Photo by Zach Reiner @ unsplash.com

The effect of the weather on adolescents' physical activity.

Hi all!

While I’m a writing this blog, I’m sitting in the train. Soaked… again. It has been raining for quite some weeks now and the weather report doesn’t give me much hope for the next weeks. I certainly don’t want to go outside to train for the half-marathon. To make myself a little less depressed, I think it is time for a new blog.

In this blog, I wanted to see whether I am the only one, or whether the kids in the MyMovez project sample also are less physically active on rainy days.

But before we start, first let is get in the mood by playing the sound on this website.

The data

The data of the project is publicly available, clickettyclickclick. In addition, the KNMI (Royal Netherlands Meteorological Institute) shares the day-to-day weather data on their website. For a conference poster, I downloaded the data from 27-01-2016 until 04-07-2018. This data is already merged to the physical activity data, so you don’t have to do this yourself.

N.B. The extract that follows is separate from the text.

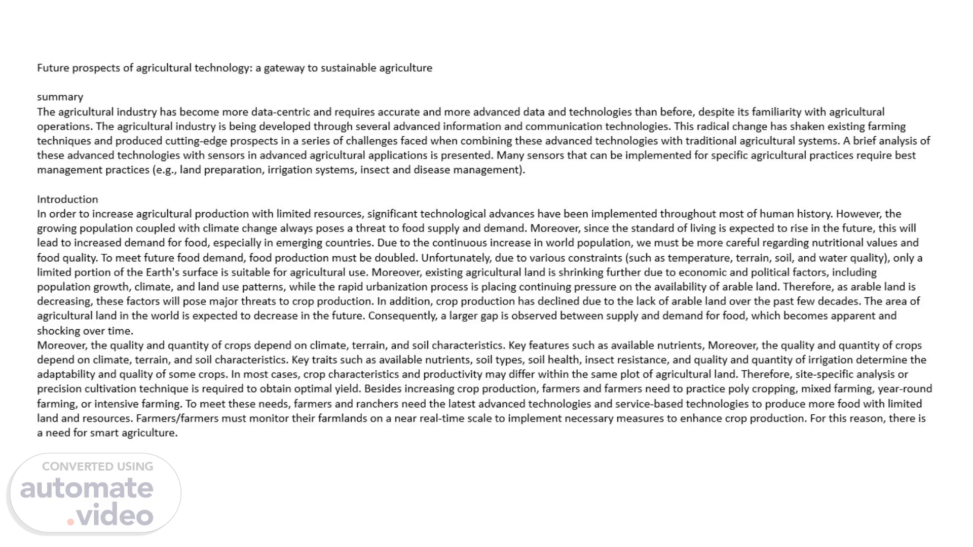 Future prospects of agricultural technology: a gateway to sustainable agriculture summary The agricultural industry has become more data-centric and requires accurate and more advanced data and technologies than before, despite its familiarity with agricultural operations. The agricultural industry is being developed through several advanced information and communication technologies. This radical change has shaken existing farming techniques and produced cutting-edge prospects in a series of challenges faced when combining these advanced technologies with traditional agricultural systems. A brief analysis of these advanced technologies with sensors in advanced agricultural applications is presented. Many sensors that can be implemented for specific agricultural practices require best management practices (e.g., land preparation, irrigation systems, insect and disease management). Introduction In order to increase agricultural production with limited resources, significant technological advances have been implemented throughout most of human history. However, the growing population coupled with climate change always poses a threat to food supply and demand. Moreover, since the standard of living is expected to rise in the future, this will lead to increased demand for food, especially in emerging countries. Due to the continuous increase in world population, we must be more careful regarding nutritional values and food quality. To meet future food demand, food production must be doubled. Unfortunately, due to various constraints (such as temperature, terrain, soil, and water quality), only a limited portion of the Earth's surface is suitable for agricultural use. Moreover, existing agricultural land is shrinking further due to economic and political factors, including population growth, climate, and land use patterns, while the rapid urbanization process is placing continuing pressure on the availability of arable land. Therefore, as arable land is decreasing, these factors will pose major threats to crop production. In addition, crop production has declined due to the lack of arable land over the past few decades. The area of agricultural land in the world is expected to decrease in the future. Consequently, a larger gap is observed between supply and demand for food, which becomes apparent and shocking over time. Moreover, the quality and quantity of crops depend on climate, terrain, and soil characteristics. Key features such as available nutrients, Moreover, the quality and quantity of crops depend on climate, terrain, and soil characteristics. Key traits such as available nutrients, soil types, soil health, insect resistance, and quality and quantity of irrigation determine the adaptability and quality of some crops. In most cases, crop characteristics and productivity may differ within the same plot of agricultural land. Therefore, site-specific analysis or precision cultivation technique is required to obtain optimal yield. Besides increasing crop production, farmers and farmers need to practice poly cropping, mixed farming, year-round farming, or intensive farming. To meet these needs, farmers and ranchers need the latest advanced technologies and service-based technologies to produce more food with limited land and resources. Farmers/farmers must monitor their farmlands on a near real-time scale to implement necessary measures to enhance crop production. For this reason, there is a need for smart agriculture..

The first step is to load the downloaded MyMovez data. More specifically, we unzip the file and only need the physical activity data that is stored in the folder “5. Fitbit data”. Let’s see what type of data we have here…

## -- Attaching packages ------------------------------------------------------------------------------------------------------------------------------------------------- tidyverse 1.2.1 --
## v ggplot2 3.2.0     v purrr   0.3.2
## v tibble  2.1.3     v dplyr   0.8.3
## v tidyr   1.0.0     v stringr 1.4.0
## v readr   1.3.1     v forcats 0.4.0
## Warning: package 'tidyr' was built under R version 3.6.2
## -- Conflicts ---------------------------------------------------------------------------------------------------------------------------------------------------- tidyverse_conflicts() --
## x dplyr::filter() masks stats::filter()
## x dplyr::lag()    masks stats::lag()
##   number_of_dates
## 1             224
##         Date
## 1 2016-01-29
## 2 2016-01-28
## 3 2016-01-30
## 4 2016-04-02
## 5 2016-04-01
## 6 2016-03-31
##           Date
## 219 2018-04-16
## 220 2018-05-23
## 221 2018-03-21
## 222  20-5-2018
## 223  19-5-2018
## 224  18-5-2018

Apparently, there is something wrong with three dates: 18-5-2018 until 20-5-2018 are stored in a different format. Let’s re-code them

FB<-FB %>%
  mutate(Date=recode(Date, 
                     '18-5-2018' = "2018-05-18",
                     '19-5-2018' = "2018-05-19",
                     '20-5-2018' = "2018-05-20"))

FB%>%
  distinct(Date) %>%
  summarize(number_of_dates = n()) # 221 dates
##   number_of_dates
## 1             221

The factor ‘Date’ is correct now, so we can make it a date variable. For this we will use the lubridate package.

library(lubridate)
## 
## Attaching package: 'lubridate'
## The following object is masked from 'package:base':
## 
##     date

FB <- FB %>%
  mutate(LDate = lubridate::date(Date))

FB %>% 
  select(LDate) %>%
  summarize(begin = min(LDate),
            end = max(LDate))
##        begin        end
## 1 2016-01-27 2018-07-04

Indeed the first day of data is 27th of January 2016 and the last date is the 4th of July in 2018.

Manipulating the data

In this blog, I want to make two new variables. One that informs us what year it is, the other the day number in that year. For example, 4th of July in 2018 is in the year 2018 (duh) and the 4th of July is the …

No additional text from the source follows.